INFORMATION GIVEN: Begin
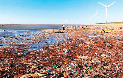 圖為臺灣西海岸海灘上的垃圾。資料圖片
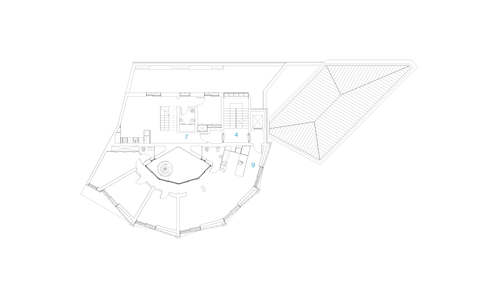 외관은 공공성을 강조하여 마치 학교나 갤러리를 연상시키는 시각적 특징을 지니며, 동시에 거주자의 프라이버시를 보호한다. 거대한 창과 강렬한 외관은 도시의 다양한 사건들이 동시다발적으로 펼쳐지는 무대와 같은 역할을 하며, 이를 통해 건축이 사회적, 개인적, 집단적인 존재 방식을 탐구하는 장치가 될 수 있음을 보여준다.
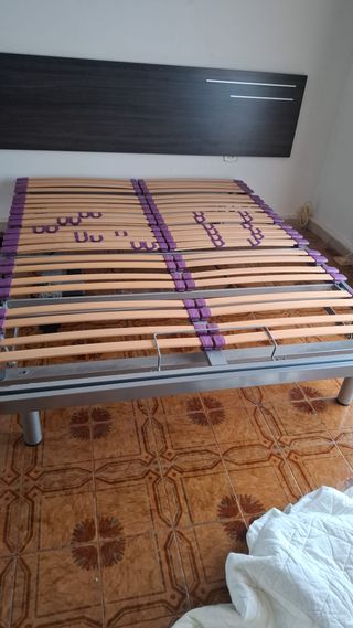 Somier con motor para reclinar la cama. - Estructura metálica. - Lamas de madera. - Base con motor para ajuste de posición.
INFORMATION GIVEN: End
INFORMATION GIVEN: Begin
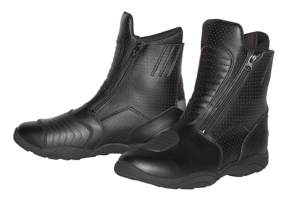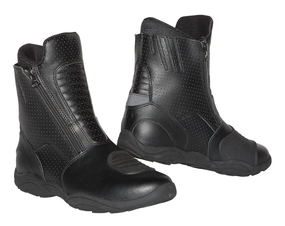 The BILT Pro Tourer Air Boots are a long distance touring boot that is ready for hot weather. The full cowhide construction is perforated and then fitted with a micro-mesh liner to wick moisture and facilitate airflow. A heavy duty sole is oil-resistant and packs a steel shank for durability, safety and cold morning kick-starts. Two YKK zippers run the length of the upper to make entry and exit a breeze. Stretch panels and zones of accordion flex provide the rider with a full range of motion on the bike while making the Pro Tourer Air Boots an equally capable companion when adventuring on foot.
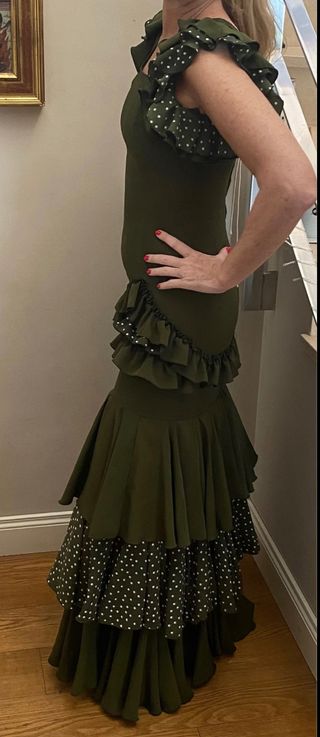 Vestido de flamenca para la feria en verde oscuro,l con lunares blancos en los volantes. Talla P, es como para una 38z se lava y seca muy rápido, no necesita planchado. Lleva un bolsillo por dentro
INFORMATION GIVEN: End
* _TASK TO CARRY OUT_
What to print is the stretch of entries from the line with "외관은 공공성을 강조하여" up to and including the line with "Somier con motor". Please print it exactly and leave out the pictures.

* _WRITTEN REPLY_
 외관은 공공성을 강조하여 마치 학교나 갤러리를 연상시키는 시각적 특징을 지니며, 동시에 거주자의 프라이버시를 보호한다. 거대한 창과 강렬한 외관은 도시의 다양한 사건들이 동시다발적으로 펼쳐지는 무대와 같은 역할을 하며, 이를 통해 건축이 사회적, 개인적, 집단적인 존재 방식을 탐구하는 장치가 될 수 있음을 보여준다.
 Somier con motor para reclinar la cama. - Estructura metálica. - Lamas de madera. - Base con motor para ajuste de posición.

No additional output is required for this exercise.